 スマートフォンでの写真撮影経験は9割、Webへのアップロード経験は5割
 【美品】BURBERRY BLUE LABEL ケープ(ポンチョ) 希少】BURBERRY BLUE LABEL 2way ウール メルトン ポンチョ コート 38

----

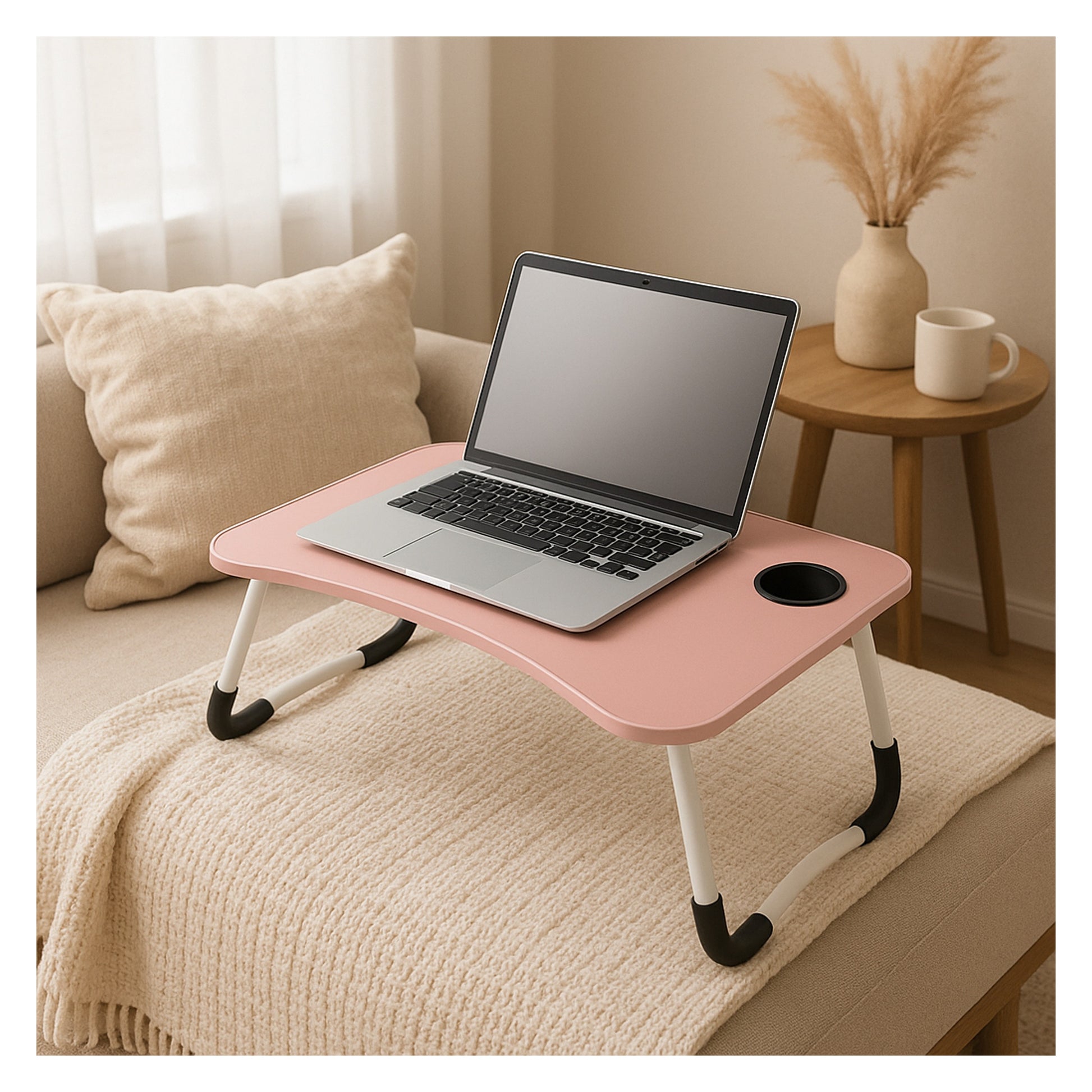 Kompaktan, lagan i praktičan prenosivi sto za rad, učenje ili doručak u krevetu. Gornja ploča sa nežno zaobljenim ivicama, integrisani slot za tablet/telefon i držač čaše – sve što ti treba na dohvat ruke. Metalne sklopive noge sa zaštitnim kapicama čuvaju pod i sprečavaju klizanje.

----

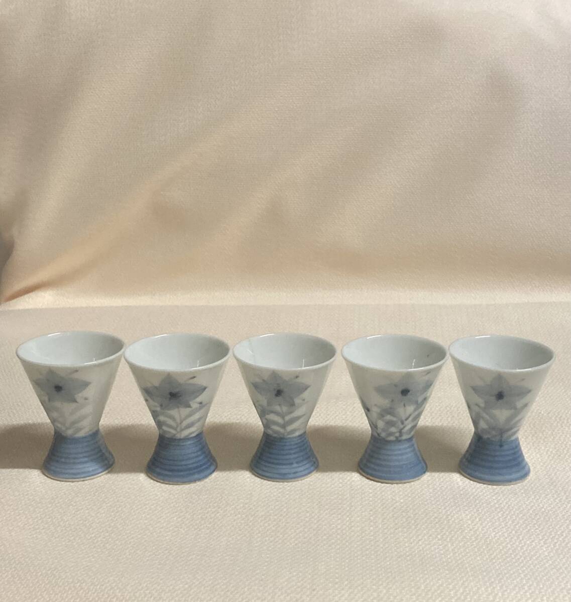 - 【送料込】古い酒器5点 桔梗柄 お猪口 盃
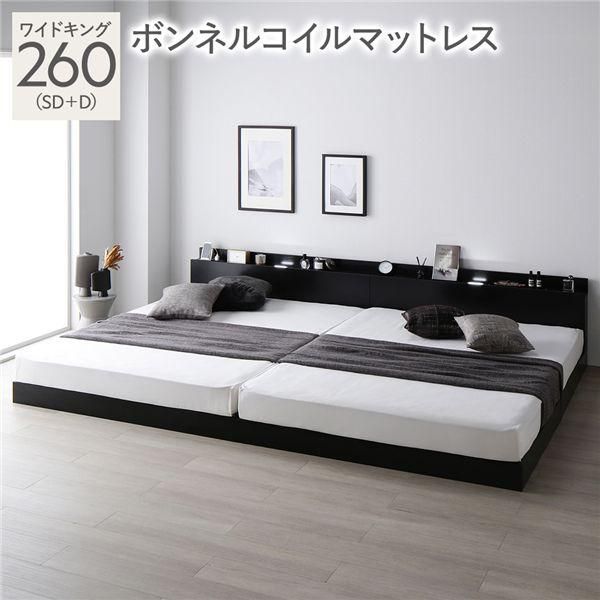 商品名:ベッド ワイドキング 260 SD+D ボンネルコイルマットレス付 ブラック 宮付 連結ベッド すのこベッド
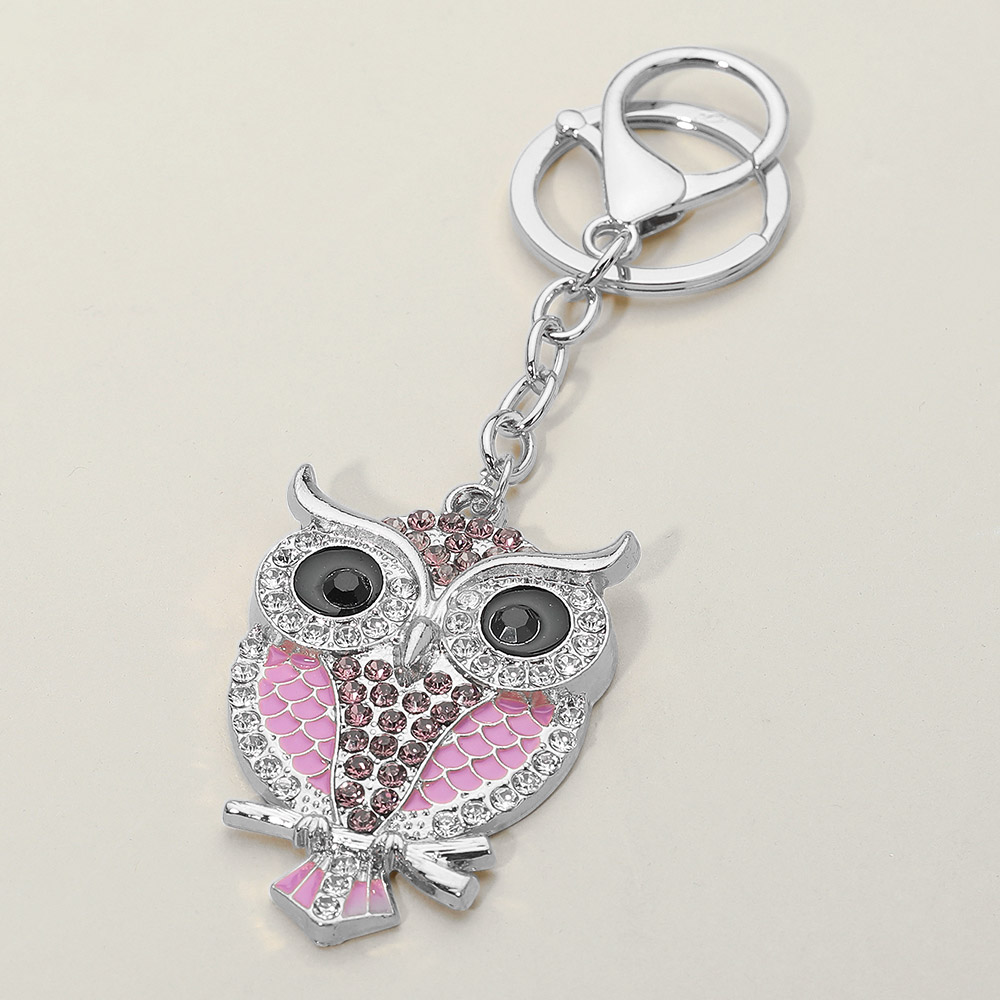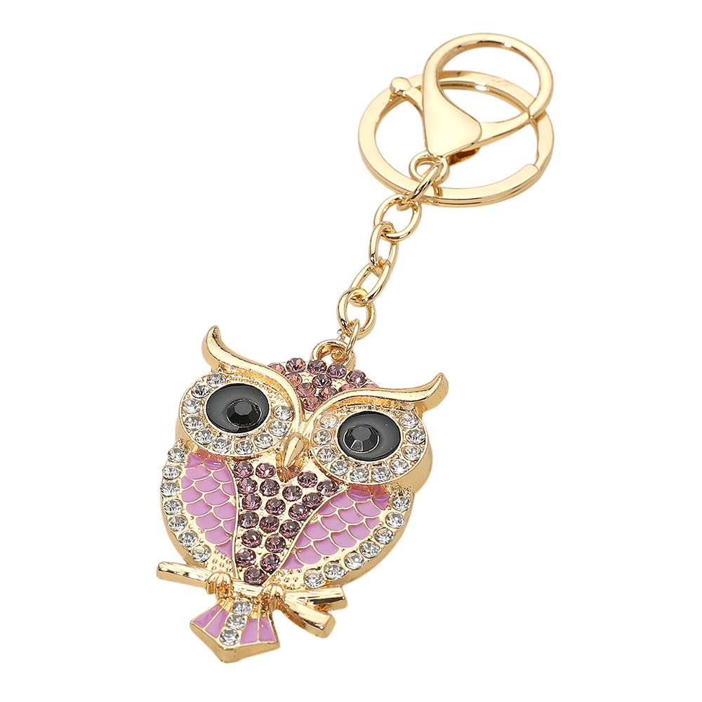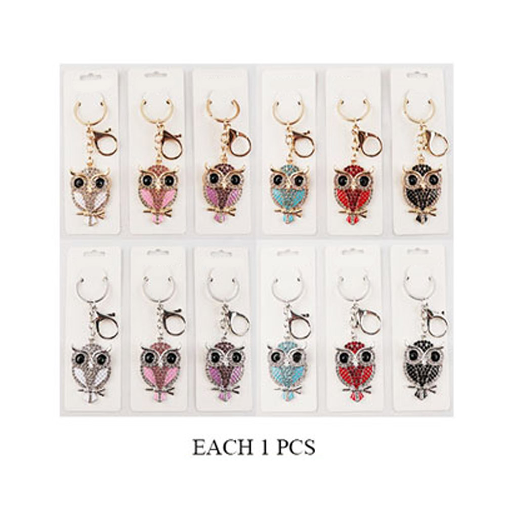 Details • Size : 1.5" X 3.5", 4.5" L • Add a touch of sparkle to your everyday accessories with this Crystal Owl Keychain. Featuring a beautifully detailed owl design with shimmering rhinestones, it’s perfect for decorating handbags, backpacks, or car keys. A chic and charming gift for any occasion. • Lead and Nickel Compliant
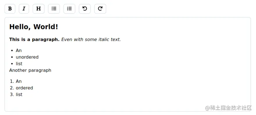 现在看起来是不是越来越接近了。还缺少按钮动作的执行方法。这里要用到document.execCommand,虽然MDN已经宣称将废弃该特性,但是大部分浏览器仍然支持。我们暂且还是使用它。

----

Starting at the line with "- 【送料込】古い酒器5点 桔梗柄 お猪口 盃" in the entries above, write out every line exactly until the line with "商品名:ベッド ワイドキング 260" has been written. Include no pictures and nothing more.

 - 【送料込】古い酒器5点 桔梗柄 お猪口 盃
 商品名:ベッド ワイドキング 260 SD+D ボンネルコイルマットレス付 ブラック 宮付 連結ベッド すのこベッド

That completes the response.